Rubato Lab
LISTEN AND EVALUATE Daybreak
The lines are now closed. You can no longer vote. Watch the Award Ceremony on July 6 to find out which song wins the AI Song Contest 2021!
MORE ABOUT THIS ENTRY BELOW
ABOUT THE TEAM
Rubato Lab was created in 2018, we would like to introduce the artificial intelligence piano model that was exhibited in 2019. The music AI model was made with Music GPT-2 that was modified from GPT-2. We used music transformer instead of pre-trained transformer. We would like to further develop, study, and publish kinds of AI music models.
ABOUT THE SONG
Before the sunrise, you can feel a lot of emotions at the point of change from cold to warm. We wanted to feel the atmosphere where coolness and warmth coexist with music once again.
So, AI created a warm atmosphere with drums and basslines, and we created a melody with a cold atmosphere. Our music style is close to Lofi, but you can get a warmer feel. It's a blessing that AI can create warm music. The feeling of AI is often a cold feeling that can't be comforted when we think about it, but we've created a warm atmosphere with AI.
The world is struggling with Covid 19. We made this music with a passion that endures with this situation. We hope this music doesn’t lose hope while feeling the feeling just before sunrise, which offsets the cold feeling with the warm feeling.
ABOUT THE HUMAN-AI CO-CREATION PROCESS
We used Music GPT2 to create bass lines and LSTM VAE to create drum beats. The preprocessed dataset crawled MIDkar’s MIDI data and used the crawled MIDKar and Lakh data. Each dataset consists of one vocab representing note length (duration), note number, and velocity.

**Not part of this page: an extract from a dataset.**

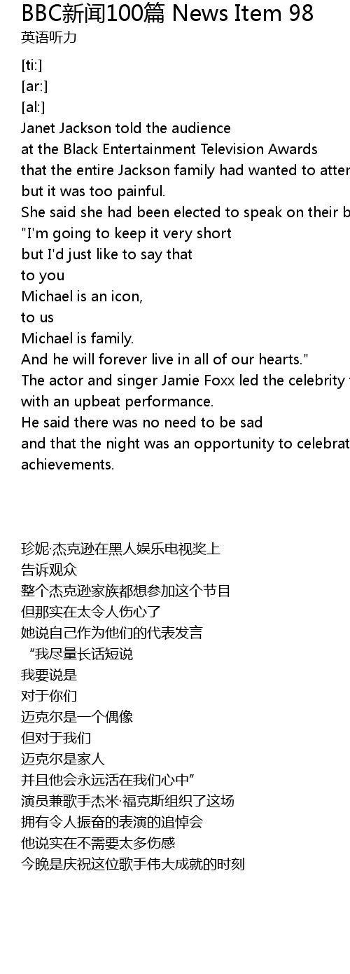 | [00:29.81] | The actor and singer Jamie Foxx led the celebrity tributes, |

For example, a note with a quarter note is expressed as follows. “[0.25, [63, 66, 70],100]”
In the same way as above, all the notes of the time step were learned by the model and became the basis for making music. If pre-processing is performed in the above method, data can be further reduced than the piano-roll method, and data can be arranged according to a one-time step or the length of the note.

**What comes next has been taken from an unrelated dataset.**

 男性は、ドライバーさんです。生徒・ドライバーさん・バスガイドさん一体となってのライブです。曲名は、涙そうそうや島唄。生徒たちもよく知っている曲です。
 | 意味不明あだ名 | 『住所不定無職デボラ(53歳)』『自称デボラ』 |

We tried to train the model in the way that the existing NLP model learns, and applied the meaning of one-note as a single word. Unlike the existing approach, the problem of increasing the size of the vocab a lot occurred, so 50000 notes that appear frequently were selected and used as vocabs, and other notes or codes were processed with UNK tokens.
The chords and melody of the sound source were composed by four team members based on the model's baseline, and vinyl noise was added to bring out the sensibility of the Lo-fi hip hop music, and finally, the song was completed through mixing.